A estudante de jornalismo Caroline Xavier, 24, foi vítima de intolerância religiosa a caminho da sede do Ilê Ayê, no Curuzu, na manhã desta sexta-feira (27). A jovem tinha solicitado um carro da 99 pop por volta das 6h40 e chegou a realizar o embarque no Largo Terreiro de Jesus, no Centro Histórico de Salvador. Nos primeiros minutos do trajeto, o motorista perguntou qual seria o destino e, ao ouvir a resposta, disse que estava com problema no carro e que não costumava levar “gente macumbeira”. 

A primeira reação de Caroline foi pedir para que o motorista a levasse de volta, então, para o mesmo local onde a buscou. Ela conta que levou um tempo para entender que tinha sido vítima de intolerância religiosa. “A ficha não caiu logo, porque eu estava com pressa, a caminho de um momento que era importante para mim.

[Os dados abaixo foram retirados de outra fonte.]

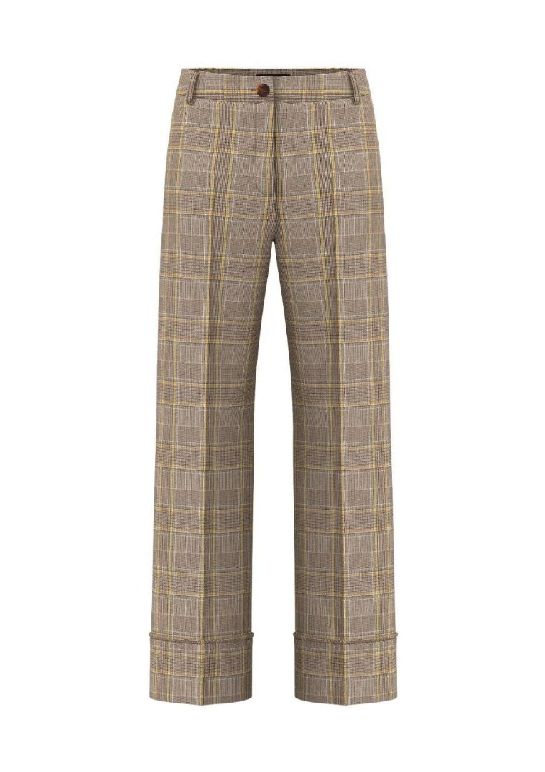 Informal allure and high cuffs: these are the perfect trousers for your days in the city. The pressed pleat construction and French pockets add a tailored touch, perfect for pairing with a soft knit and ballet flats. Trousers in patterned yarn-dyed stretch gabardine, straight fit, exposed button closure, side French pockets. Pressed pleats on the front and back, with cuffs.

Depois que eu entendi o que tanto ele dizia sobre o carro não estar funcionando, depois de ele reforçar a fala sobre a religião. [Foi então que] eu pedi que ele me levasse para onde me pegou”, relata.

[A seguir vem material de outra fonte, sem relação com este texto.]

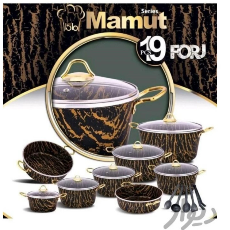 سرویس پخت و پز قابلمه و تابه 19پارچه ماموت

A jovem chegou a pensar em descer no mesmo momento, mas afirmou que não se sentiu confortável no caminho que estava sendo feito pelo motorista. Relutante, ele ainda ameaçou parar o carro enquanto retornava para o Terreiro de Jesus, tendo como argumento persistente um suposto problema mecânico. Mas, Caroline desconfia que essa versão era apenas uma desculpa para que ela saísse. “Assim que ele me deixou no Terreiro de Jesus novamente, ele subiu e continuou andando com o carro”, afirma.

Após o ocorrido, Caroline disse que chegou a relatar a 99 pop o que aconteceu. No entanto, ela não prestou queixa à polícia porque precisava seguir para o compromisso na sede do Ilê Ayê, onde irá concorrer, neste sábado (28) ao título de nova Deusa do Ébano, na Noite da Beleza Negra do Ilê Ayê. Caroline acrescenta que está sendo orientada e acompanhada pela equipe do Ilê para buscar as medidas cabíveis que possam não deixar impune o episódio de intolerância religiosa sofrido.

Procurada, a empresa 99 afirmou, em nota, que “não tolera o ato de preconceito e intolerância” e, por isso, suspendeu o perfil do motorista assim que houve tomada de conhecimento do caso. Ainda, disse que uma equipe foi mobilizada para oferecer apoio à vítima com “todo cuidado e respeito necessários”.

Confira a nota da 99 na íntegra:

A 99 não tolera o ato de preconceito e intolerância com a vítima e estamos profundamente sensibilizados com o ocorrido com a passageira Caroline. Assim que tomamos conhecimento do caso, suspendemos o perfil do motorista e mobilizamos uma equipe para oferecer apoio à vítima com todo cuidado e respeito necessários. A companhia segue em tentativa de contato com a passageira.

Esclarecemos que temos uma política de tolerância zero em relação a qualquer tipo de discriminação. O respeito mútuo é a base de tudo e é obrigatório para utilização do app. Na nossa comunidade, há espaço para todas as diferenças de raças, gênero, religião, orientação sexual, idade, classe social, local de moradia, entre outras. Todos os usuários devem se tratar com educação, boa-fé e profissionalismo, independente de raça, religião ou credo. Em comportamentos como esse, que vão contra os Termos de Uso e o Guia da Comunidade, todas as medidas são adotadas.